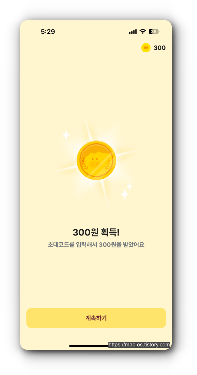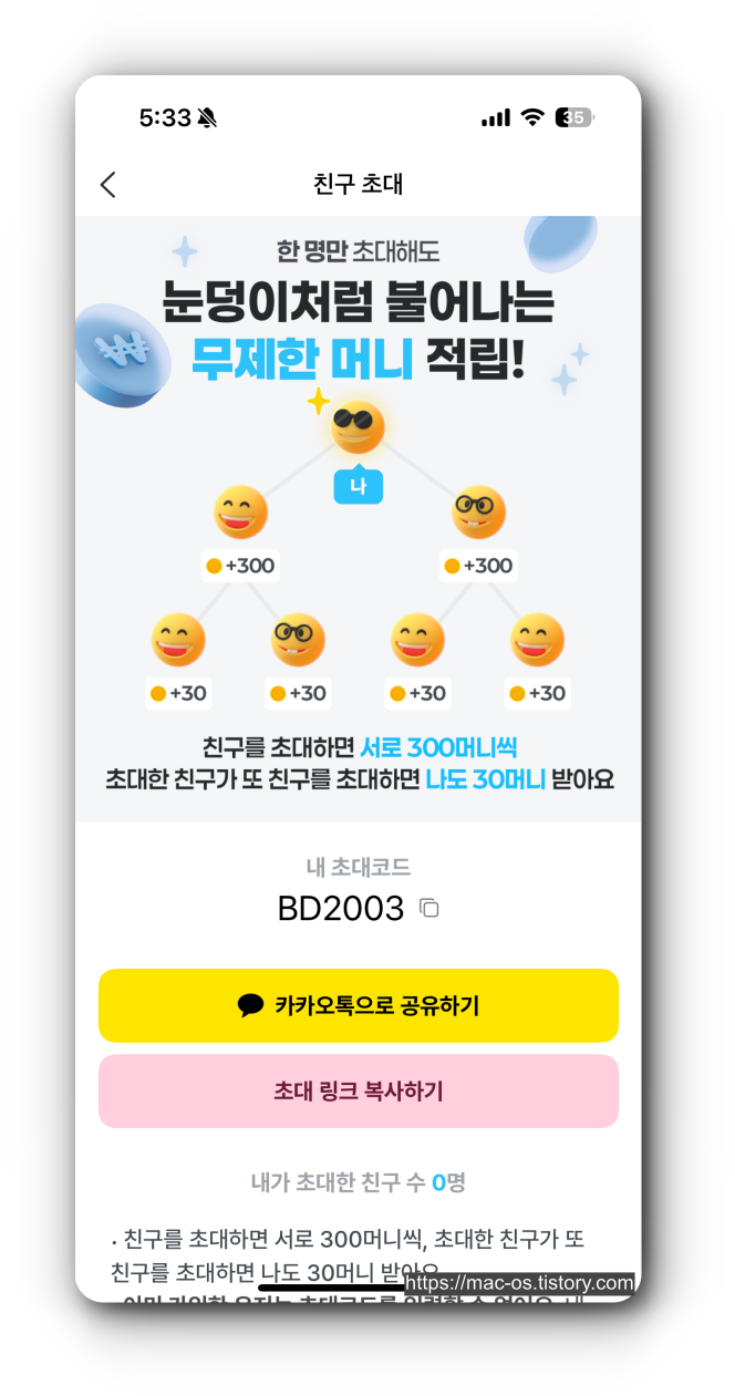 카카오 계정 로그인을 하면 초대코드 입력 페이지가 나오는데 여기서 BD2003을 입력하면 300포인트가 적립된다.
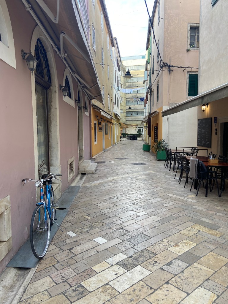 Neben dem hiesigen Touristenprogramm stand für uns vor allem eins auf unserer Tagesordnung: Wäsche waschen. Leos Waschmaschine war Nani zu suspekt, da Leo weder Waschmittel besaß noch sonst einen Hinweis darauf zu finden war, dass das Gerät in jüngster Vergangenheit in Betrieb genommen wurde. Da der Wasserschlauch bereits leicht defekt war und tropfte, entschieden wir uns den abzusehenden Wasserschaden lieber zu vermeiden und dafür eine Stunde im örtlichen Waschsalon rumzuhängen. Hier trafen wir einen lieben Kroaten, der ebenfalls seine Wäsche trockneten und unterhielten uns über Land, Leute, Reisen und sonstige Banalitäten. Die kroatische Offenherzigkeit mit jedem und überall ein Gespräch zu beginnen, einfach weil man sich gerade begegnet, sagte besonders Nani sehr zu. Wir verabschiedeten uns und machten uns auf die Altstadt zu erkunden. Wir streiften durch die Gassen und gelangten schließlich an eins der Highlights der Stadt. Die Stufen der Promenade wurden mit Hohlräumen gebaut, sodass eine sogenannte Meeresorgel entsteht. Die Wellen des Meeres erzeugen so einen Klang, der an eine Orgel bzw Wahlgesänge erinnerte. Hör doch mal rein!
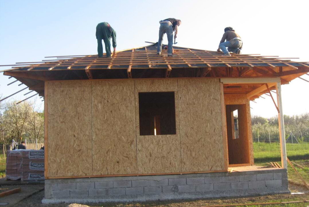 - Opšivanje: kalkanski delovi se oblažu OSB pločama debljine 15 mm, dok se venci krova opšivaju rendisanom daskom.
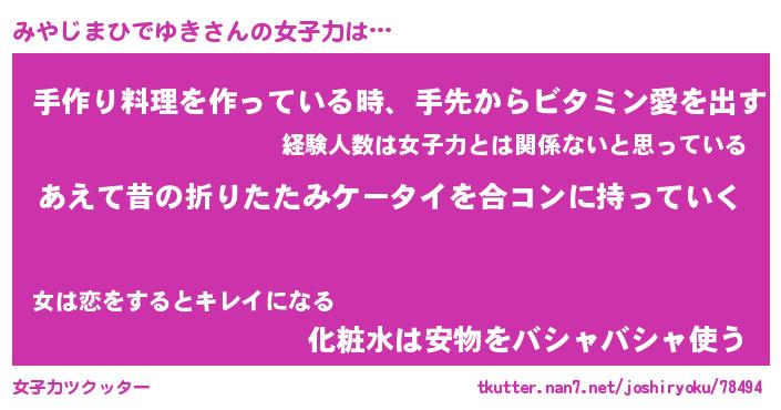 | ポケモン風あだ名 | 『ミヤチュウ』『ミヤジダネ』 |
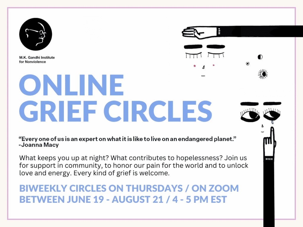 What keeps you up at night? What contributes to hopelessness? Join us for support in community, to honor our pain for the world and to unlock love and energy. Every kind of grief is welcome.
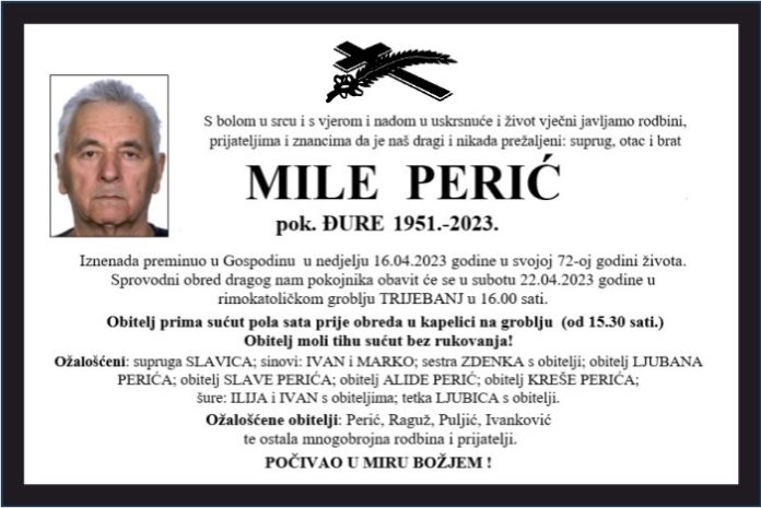 Iznenada preminuo u Gospodinu u nedjelju 16.04.2023 godine u svojoj 72-oj godini života. Sprovodni obred dragog nam pokojnika obavit će se u subotu 22.04.2023 godine u rimokatoličkom groblju TRIJEBANJ u 16.00 sati.
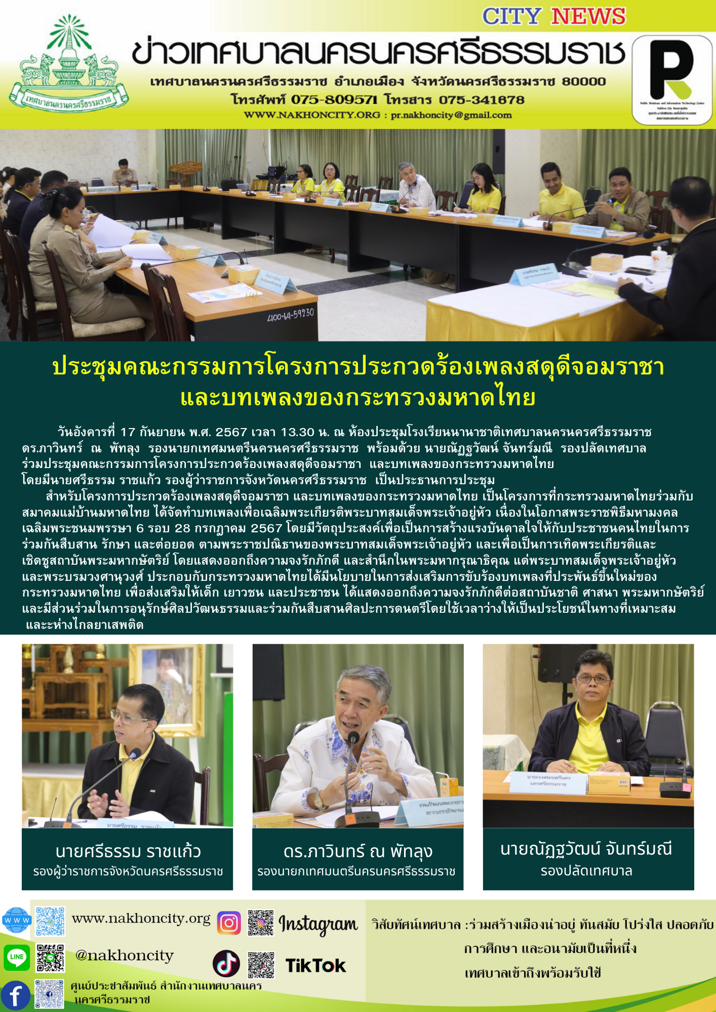 วันอังคารที่ 17 กันยายน พ.ศ. 2567 เวลา 13.30 น. ณ ห้องประชุมโรงเรียนนานาชาติเทศบาลนครนครศรีธรรมราช ดร.ภาวินทร์ ณ พัทลุง รองนายกเทศมนตรีนครนครศรีธรรมราช พร้อมด้วย นายณัฏฐวัฒน์ จันทร์มณี รองปลัดเทศบาล ร่วมประชุมคณะกรรมการโครงการประกวดร้องเพลงสดุดีจอมราชา และบทเพลงของกระทรวงมหาดไทย โดยมี นายศรีธรรม ราชแก้ว รองผู้ว่าราชการจังหวัดนครศรีธรรมราช เป็นประธานการประชุม สำหรับโครงการประกวดร้องเพลงสดุดีจอมราชา และบทเพลงของกระทรวงมหาดไทย เป็นโครงการที่กระทรวงมหาดไทยร่วมกับสมาคมแม่บ้านมหาดไทย ได้จัดทำบทเพลงเพื่อเฉลิมพระเกียรติพระบาทสมเด็จพระเจ้าอยู่หัว เนื่องในโอกาสพระราชพิธีมหามงคลเฉลิมพระชนมพรรษา 6 รอบ 28 กรกฎาคม 2567 โดยมีวัตถุประสงค์เพื่อเป็นการสร้างแรงบันดาลใจให้กับประชาชนคนไทยในการร่วมกันสืบสาน รักษา และต่อยอด ตามพระราชปณิธานของพระบาทสมเด็จพระเจ้าอยู่หัว และเพื่อเป็นการเทิดพระเกียรติและเชิดชูสถาบันพระมหากษัตริย์ โดยแสดงออกถึงความจงรักภักดี และสำนึกในพระมหากรุณาธิคุณ แด่พระบาทสมเด็จพระเจ้าอยู่หัว และพระบรมวงศานุวงศ์ ประกอบกับกระทรวงมหาดไทยได้มีนโยบายในการส่งเสริมการขับร้องบทเพลงที่ประพันธ์ขึ้นใหม่ของกระทรวงมหาดไทย เพื่อส่งเสริมให้เด็ก เยาวชน และประชาชน ได้แสดงออกถึงความจงรักภักดีต่อสถาบันชาติ ศาสนา พระมหากษัตริย์ และมีส่วนร่วมในการอนุรักษ์ศิลปวัฒนธรรมและร่วมกันสืบสานศิลปะการดนตรีโดยใช้เวลาว่างให้เป็นประโยชน์ในทางที่เหมาะสม และะห่างไกลยาเสพติด |
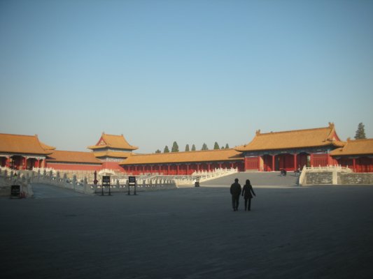 南門を抜け、大和門を抜けるとそこには広大すぎる広場があります。この広場に無数の役人が集まり、太和殿にいる皇帝からの命令を受けていました。 この広場は、ラスト・エンペラーで溥儀が即位する儀式のシーンで、無数の官吏がずらりと並んでいた場所ですね。
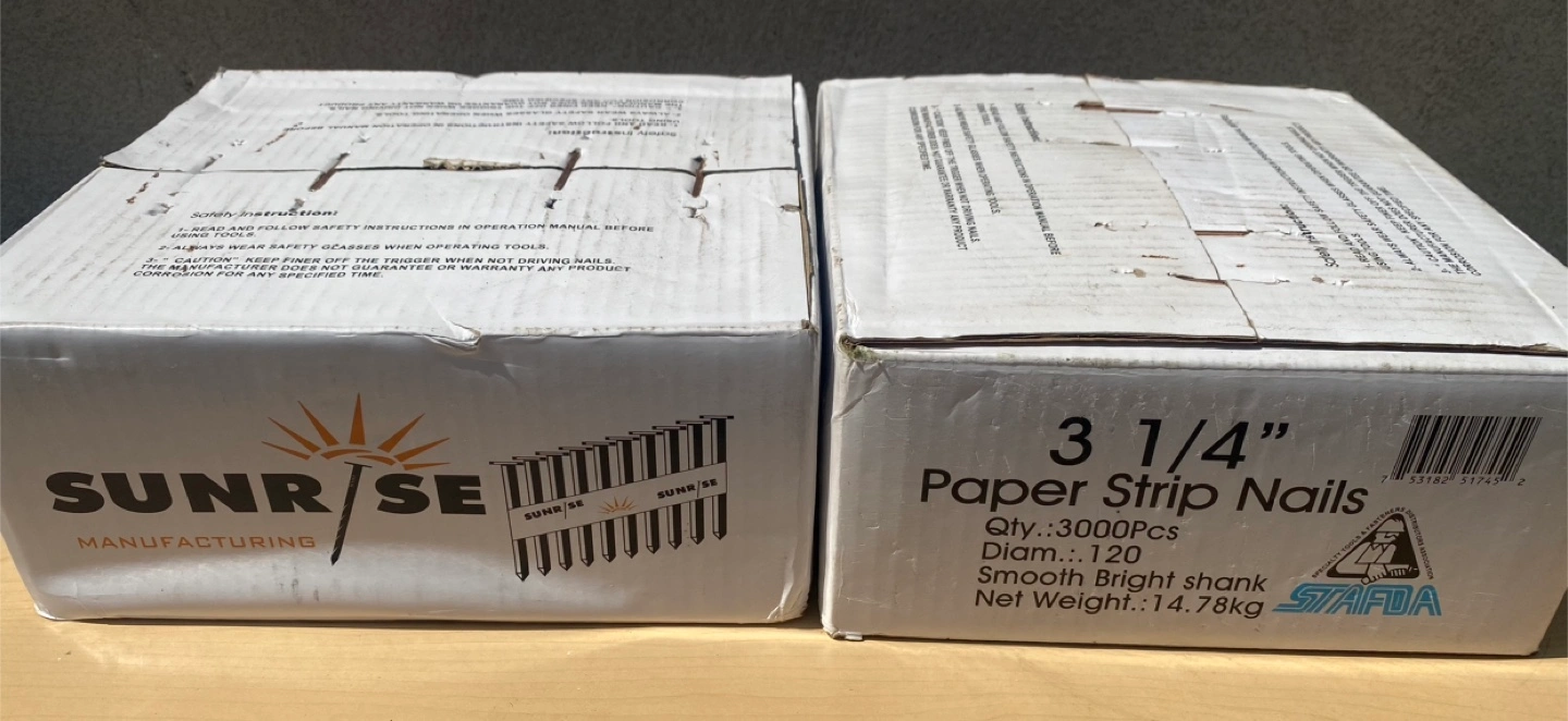 Selling a box of SUNR/SE 3 1/4" paper strip nails. The box contains 3000 pieces of smooth bright shank nails. Net weight is 14.78kg
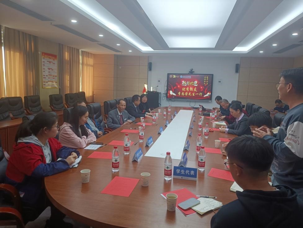 忠荣校友首先参观了学院文化墙、教学实验中心,之后与学院师生共聚科五317会议室,畅叙情谊,追忆往昔,寄望未来。学院领导、教师代表及学生代表等参加了此次交流座谈会。
════════
● **Exercise aim**: Reproduce the material above verbatim; omit every picture.

● **Answer for this exercise**:
 카카오 계정 로그인을 하면 초대코드 입력 페이지가 나오는데 여기서 BD2003을 입력하면 300포인트가 적립된다.
 Neben dem hiesigen Touristenprogramm stand für uns vor allem eins auf unserer Tagesordnung: Wäsche waschen. Leos Waschmaschine war Nani zu suspekt, da Leo weder Waschmittel besaß noch sonst einen Hinweis darauf zu finden war, dass das Gerät in jüngster Vergangenheit in Betrieb genommen wurde. Da der Wasserschlauch bereits leicht defekt war und tropfte, entschieden wir uns den abzusehenden Wasserschaden lieber zu vermeiden und dafür eine Stunde im örtlichen Waschsalon rumzuhängen. Hier trafen wir einen lieben Kroaten, der ebenfalls seine Wäsche trockneten und unterhielten uns über Land, Leute, Reisen und sonstige Banalitäten. Die kroatische Offenherzigkeit mit jedem und überall ein Gespräch zu beginnen, einfach weil man sich gerade begegnet, sagte besonders Nani sehr zu. Wir verabschiedeten uns und machten uns auf die Altstadt zu erkunden. Wir streiften durch die Gassen und gelangten schließlich an eins der Highlights der Stadt. Die Stufen der Promenade wurden mit Hohlräumen gebaut, sodass eine sogenannte Meeresorgel entsteht. Die Wellen des Meeres erzeugen so einen Klang, der an eine Orgel bzw Wahlgesänge erinnerte. Hör doch mal rein!
 - Opšivanje: kalkanski delovi se oblažu OSB pločama debljine 15 mm, dok se venci krova opšivaju rendisanom daskom.
 | ポケモン風あだ名 | 『ミヤチュウ』『ミヤジダネ』 |
 What keeps you up at night? What contributes to hopelessness? Join us for support in community, to honor our pain for the world and to unlock love and energy. Every kind of grief is welcome.
 Iznenada preminuo u Gospodinu u nedjelju 16.04.2023 godine u svojoj 72-oj godini života. Sprovodni obred dragog nam pokojnika obavit će se u subotu 22.04.2023 godine u rimokatoličkom groblju TRIJEBANJ u 16.00 sati.
 วันอังคารที่ 17 กันยายน พ.ศ. 2567 เวลา 13.30 น. ณ ห้องประชุมโรงเรียนนานาชาติเทศบาลนครนครศรีธรรมราช ดร.ภาวินทร์ ณ พัทลุง รองนายกเทศมนตรีนครนครศรีธรรมราช พร้อมด้วย นายณัฏฐวัฒน์ จันทร์มณี รองปลัดเทศบาล ร่วมประชุมคณะกรรมการโครงการประกวดร้องเพลงสดุดีจอมราชา และบทเพลงของกระทรวงมหาดไทย โดยมี นายศรีธรรม ราชแก้ว รองผู้ว่าราชการจังหวัดนครศรีธรรมราช เป็นประธานการประชุม สำหรับโครงการประกวดร้องเพลงสดุดีจอมราชา และบทเพลงของกระทรวงมหาดไทย เป็นโครงการที่กระทรวงมหาดไทยร่วมกับสมาคมแม่บ้านมหาดไทย ได้จัดทำบทเพลงเพื่อเฉลิมพระเกียรติพระบาทสมเด็จพระเจ้าอยู่หัว เนื่องในโอกาสพระราชพิธีมหามงคลเฉลิมพระชนมพรรษา 6 รอบ 28 กรกฎาคม 2567 โดยมีวัตถุประสงค์เพื่อเป็นการสร้างแรงบันดาลใจให้กับประชาชนคนไทยในการร่วมกันสืบสาน รักษา และต่อยอด ตามพระราชปณิธานของพระบาทสมเด็จพระเจ้าอยู่หัว และเพื่อเป็นการเทิดพระเกียรติและเชิดชูสถาบันพระมหากษัตริย์ โดยแสดงออกถึงความจงรักภักดี และสำนึกในพระมหากรุณาธิคุณ แด่พระบาทสมเด็จพระเจ้าอยู่หัว และพระบรมวงศานุวงศ์ ประกอบกับกระทรวงมหาดไทยได้มีนโยบายในการส่งเสริมการขับร้องบทเพลงที่ประพันธ์ขึ้นใหม่ของกระทรวงมหาดไทย เพื่อส่งเสริมให้เด็ก เยาวชน และประชาชน ได้แสดงออกถึงความจงรักภักดีต่อสถาบันชาติ ศาสนา พระมหากษัตริย์ และมีส่วนร่วมในการอนุรักษ์ศิลปวัฒนธรรมและร่วมกันสืบสานศิลปะการดนตรีโดยใช้เวลาว่างให้เป็นประโยชน์ในทางที่เหมาะสม และะห่างไกลยาเสพติด |
 南門を抜け、大和門を抜けるとそこには広大すぎる広場があります。この広場に無数の役人が集まり、太和殿にいる皇帝からの命令を受けていました。 この広場は、ラスト・エンペラーで溥儀が即位する儀式のシーンで、無数の官吏がずらりと並んでいた場所ですね。
 Selling a box of SUNR/SE 3 1/4" paper strip nails. The box contains 3000 pieces of smooth bright shank nails. Net weight is 14.78kg
 忠荣校友首先参观了学院文化墙、教学实验中心,之后与学院师生共聚科五317会议室,畅叙情谊,追忆往昔,寄望未来。学院领导、教师代表及学生代表等参加了此次交流座谈会。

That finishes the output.